In aggiunta a CBFA2T3-GLIS2, circa l’8% dei casi pediatrici non-DS-AMKL portano la fusione NUP98-KDM5A. NUP98, un membro della famiglia delle nucleoporine con attività di transattivazione, fuso a KDM5A, un PHD finger legato a H3K4me3, è stato inizialmente descritto nella AML adulta. Quando introdotto nel midollo osseo murino, questo oncogene di fusione induce un arresto della differenziazione mieloide e i topi sviluppano la LAM con una latenza media di 69 giorni. Wang e colleghi hanno dimostrato che questa fusione è legata ai mononucleosomi H3K4me3, mostrando che il dito PHD gioca un ruolo nel puntare la fusione al genoma. È interessante notare che l’analisi microarray ha identificato diverse proteine polycomb che trasportano segni H3K4me3 da trascrivere in risposta alla fusione, mentre i geni housekeeping con segni H3K4me3 costitutivi sono rimasti invariati. I bersagli polycomb interessati, confermati dall’immunoprecipitazione della cromatina, includono geni upregolati nella leucemia MLL-arrangiata come HOXA5, HOXA7, HOXA9, HOXA10, MEIS1 e PBX1. Inoltre, gli autori dimostrano un blocco nel legame PRC2, il complesso che antagonizza le proteine polycomb attraverso la repressione trascrizionale dei geni bersaglio.
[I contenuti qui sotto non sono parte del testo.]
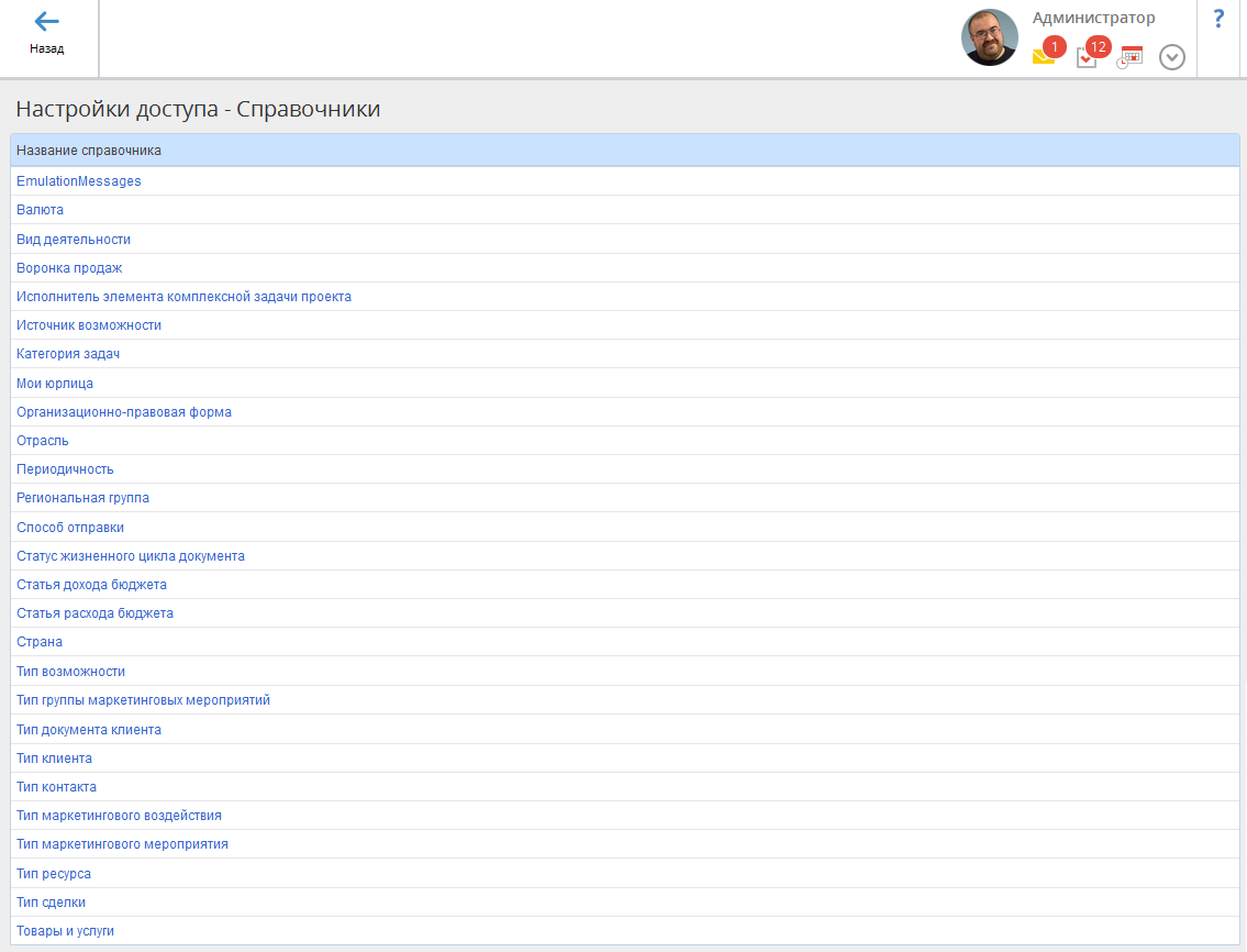 Рис. 1. Страница "Настройки доступа – Справочники"

Pertanto, la fusione NUP98-KDM5A è in grado di impedire il silenziamento di fattori di trascrizione critici che svolgono un ruolo nel mantenimento dello stato di progenitore ematopoietico, simile ai riarrangiamenti del gene MLL. Non è forse sorprendente, quindi, che eventi di fusione MLL-AF9 e MLL-AF10 siano stati rilevati anche in non-DS-AMKL. Poiché queste lesioni si trovano anche in altri sottotipi di AML, è probabile che vi siano ulteriori fattori che contribuiscono allo sviluppo della malattia megacarioblastica. Le mutazioni cooperanti, la cellula bersaglio e il microambiente hanno tutti il potenziale per dirigere il lineage durante il processo di trasformazione.